Two different governments control this, and Washington can only unlock one of the locks. A conviction that bars you from having a firearm is enforced by both state law (RCW 9.41.040) and federal law (18 U.S.C. § 922(g)). Washington has a real process for restoring firearm rights under state law — but a Washington court order does not automatically make you legal under federal law. People have gone through the entire state process, gotten their rights back on paper in Washington, then bought a gun and been charged with a federal felony because the federal bar was still standing. Read this before you file anything, and before you ever possess or buy a firearm again.
Who loses firearm rights in Washington
A felony conviction strips firearm rights under both systems at once: state law (RCW 9.41.040) and the federal felon-in-possession statute, 18 U.S.C. § 922(g)(1). It doesn't matter whether the felony involved a gun — any felony conviction triggers both bars.
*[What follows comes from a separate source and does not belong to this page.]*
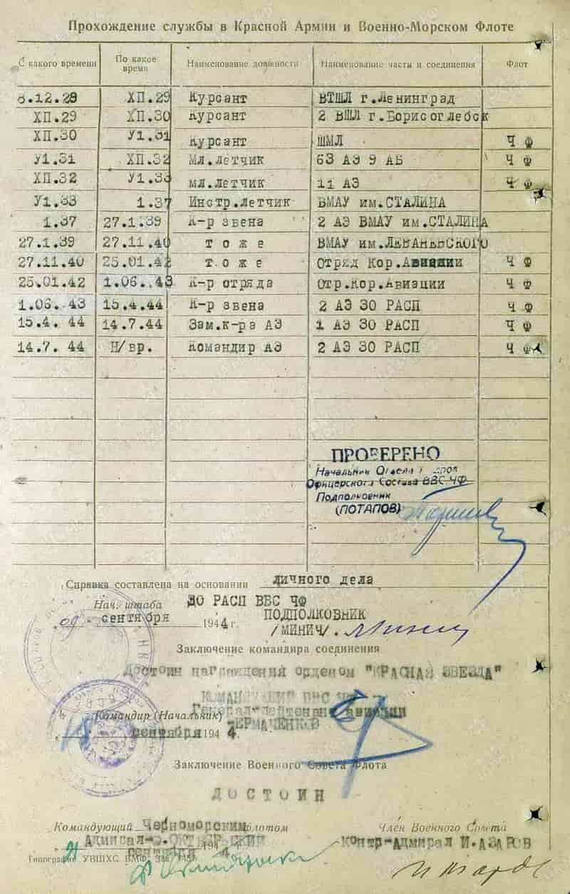 27.11.1940 назначен командиром звена отряда корабельной авиации Черноморского флота.

Washington's firearm ban is broader than the federal floor in some ways. In addition to felonies, Washington law prohibits possession for people with certain domestic-violence-related misdemeanor and gross misdemeanor convictions (including fourth-degree assault, harassment, stalking, coercion, and protection-order violations involving an intimate partner), for people involuntarily committed for mental health treatment, and in certain other situations. Federal law has its own parallel misdemeanor bar — the Lautenberg Amendment, 18 U.S.C. § 922(g)(9) — which prohibits firearm possession for anyone convicted of a "misdemeanor crime of domestic violence," regardless of state label. In practice, a domestic-violence conviction in Washington is very likely to trigger both the state ban and the federal Lautenberg ban.
The two locks: why a Washington order alone is not enough
This is the single most important thing to understand. Restoring your rights under Washington law does not, by itself, restore your rights under federal law. These are two separate legal systems with two separate tests.
Federal law has a narrow rule for when a state-level fix counts. Under 18 U.S.C. § 921(a)(20), a conviction stops counting as a "conviction" for federal firearms purposes only if the state's relief — expungement, set-aside, pardon, or restoration of civil rights — actually restores your civil rights and does not expressly keep a firearms restriction in place. If the state paperwork restores your rights generally but says (or the underlying statute says) that you still can't have a gun, the federal government treats you as still convicted, and possessing a firearm is a federal felony.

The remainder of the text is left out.